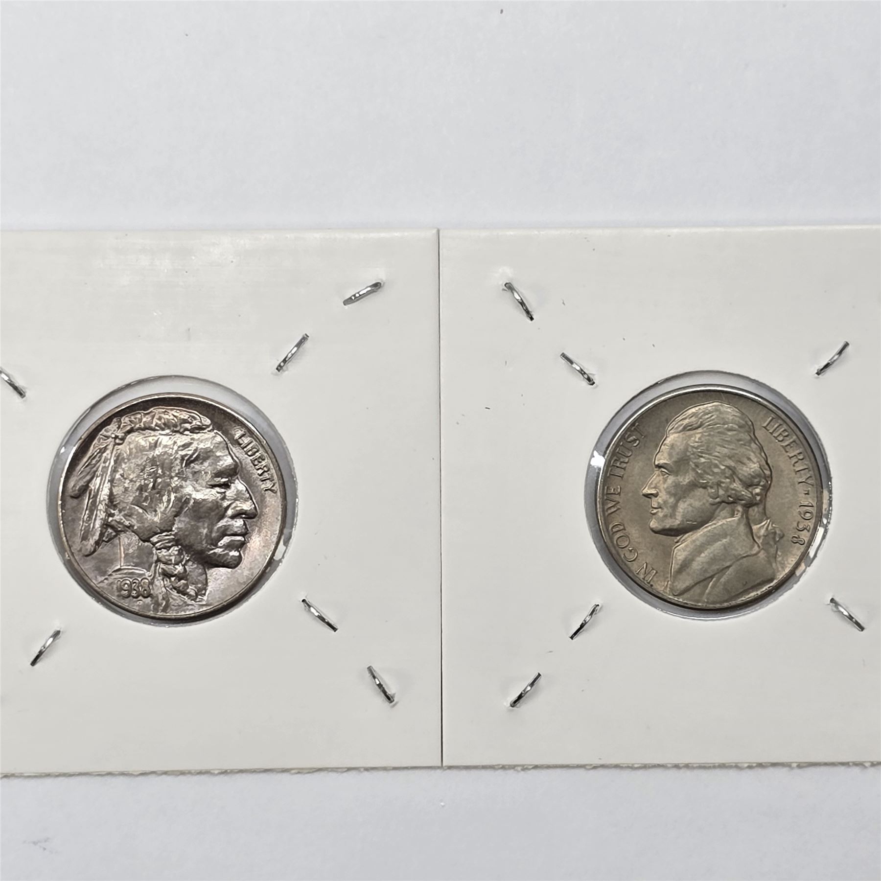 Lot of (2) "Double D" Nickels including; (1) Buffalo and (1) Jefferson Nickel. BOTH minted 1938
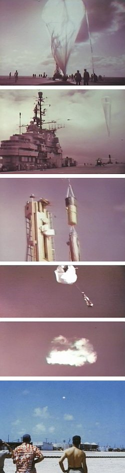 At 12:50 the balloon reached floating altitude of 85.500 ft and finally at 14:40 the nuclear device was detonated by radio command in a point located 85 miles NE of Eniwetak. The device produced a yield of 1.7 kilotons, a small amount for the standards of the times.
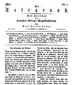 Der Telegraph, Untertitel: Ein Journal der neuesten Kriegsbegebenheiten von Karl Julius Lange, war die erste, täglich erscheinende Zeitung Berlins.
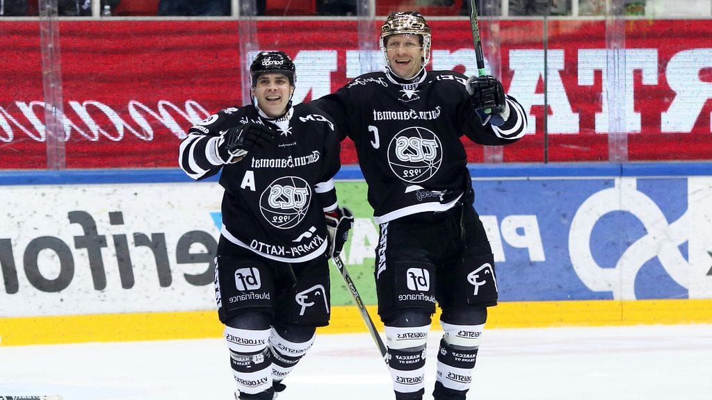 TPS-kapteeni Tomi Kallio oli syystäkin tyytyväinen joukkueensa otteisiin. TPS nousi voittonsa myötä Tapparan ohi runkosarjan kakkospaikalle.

•••••

## Exercise objective
A word-for-word copy of the data above is needed, one that omits the pictures.

## Written response
 Lot of (2) "Double D" Nickels including; (1) Buffalo and (1) Jefferson Nickel. BOTH minted 1938
 At 12:50 the balloon reached floating altitude of 85.500 ft and finally at 14:40 the nuclear device was detonated by radio command in a point located 85 miles NE of Eniwetak. The device produced a yield of 1.7 kilotons, a small amount for the standards of the times.
 Der Telegraph, Untertitel: Ein Journal der neuesten Kriegsbegebenheiten von Karl Julius Lange, war die erste, täglich erscheinende Zeitung Berlins.
 TPS-kapteeni Tomi Kallio oli syystäkin tyytyväinen joukkueensa otteisiin. TPS nousi voittonsa myötä Tapparan ohi runkosarjan kakkospaikalle.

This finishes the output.